5) Since we are building docker images locally in this cdk deployment, we need to ensure that the docker daemon is running before we are going to be able to deploy this stack via the cdk CLI. To check whether or not the docker daemon is running on your system, use the following command:
```shell
docker ps
```
If you don’t get an error message, you should be good to deploy the solution. 


6) Deploy the solution with the following command:
```shell
make deploy
```
This step can take around **5-10 minutes** due to building and pushing the docker image.

## Running real-time inference

### Using the API documentation in the browser
After your `AWS CloudFormation` stack got deployed successfully, go to the `Outputs` section and open up the shown endpoint url. Now, our model is accessible via the endpoint url and we are ready to use it for real-time inference!

1) Go to the url to see if you can see `“hello world”` message and go to `{endpoint_url}/docs` to see if you can successfully load the interactive swagger UI page. Notice that there might be some coldstart time so you may need to wait or refresh a few times.
![Swagger UI Docs](docs/assets/swagger_ui_docs.png)


2) Once login to the landing page of FastAPI swagger UI page, you will be able to execute your endpoint via the root `/` or via the `/question` resources. From `/`, you could try it out and execute the API and get the `“hello world”` message. 
From `/question`, you can try it out and execute the API and run ML inference on the model we deployed for the question answering case. Here is one example.

The question is ```What is the color of my car now?``` and the context is ```My car used to be blue but I painted red.```
![Question Answering Input Example](docs/assets/question_answering_input_example.png)

Once you click on `Execute`, based on the given context, the model will answer the question with response as below.
![Model Response Example](docs/assets/model_response_example.png)

In the response body, you will be able to see the answer with the confidence score the model gives.
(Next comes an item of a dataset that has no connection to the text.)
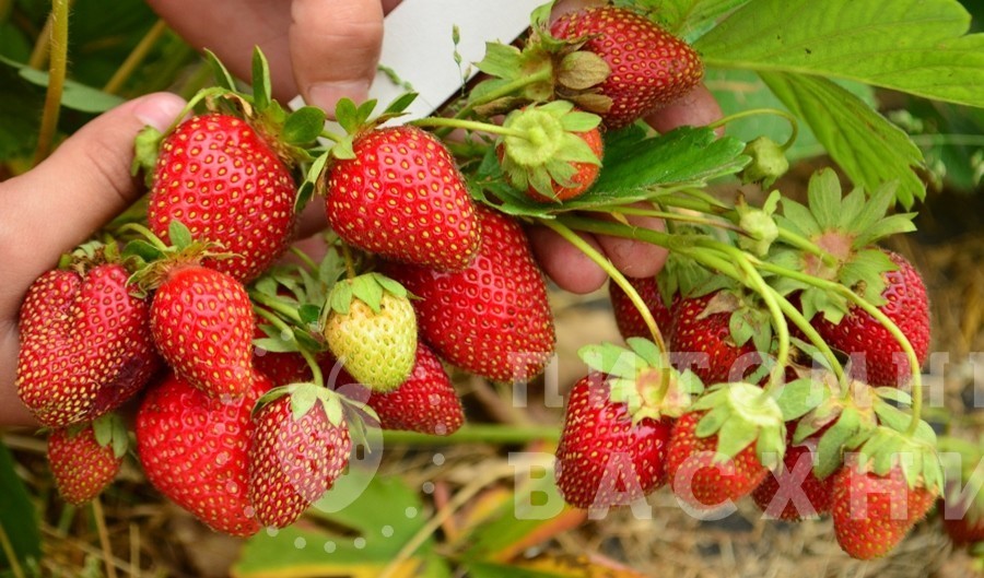 Средние сорта. Новинка. Первоклассный сорт с очень крупными плотными ягодами, насыщенно-кирпично-красного цвета с классическим вкусом земляники. Минимальные затраты сил на сбор урожая, так как ягоды о... Показать описаниечень крупные, вес отдельных плодов до 70 гр. Мощное выносливое растение устойчиво к заболеваниям корней. Недостатков у данного сорта не выявлено.

You could also play around with other examples or embed the API in your existing application.

### Real-time inference via code using the `requests` module
Alternatively, you can run the inference via code. Here is one example written in Python, using the requests library:


```python
import requests

# optional header and payload vars
headers = {}
payload = {}

url = "https://<YOUR_API_GATEWAY_ENDPOINT_ID>.execute-api.<YOUR_ENDPOINT_REGION>.amazonaws.com/prod/question?question=\"What is the color of my car now?\"&context=\"My car used to be blue but I painted red\""

response = requests.request("GET", url, headers=headers, data=payload)

print(response.text)
```

This code snippet would output a string similar to the following:
```python
'{"score":0.6947233080863953,"start":38,"end":41,"answer":"red"}'
```

### Clean up
Inside the root directory of your repository, run the following command to clean up your created resources:
```shell
make destroy
```

### Troubleshooting

#### If you are a Mac User
Error when logging into ECR with Docker login: ```"Error saving credentials ... not implemented".``` For example,
exited with error code 1: Error saving credentials: error storing credentials - err: exit status 1,...dial unix backend.sock: connect: connection refused
#### Solution
Before you can use lambda on top of Docker containers inside cdk, it might be the case that you have got to change the ```~/docker/config.json``` file. More specifically, you might have to change the ```credsStore``` parameter in ```~/.docker/config.json``` to ```osxkeychain```. That solves Amazon ECR login issues on a Mac.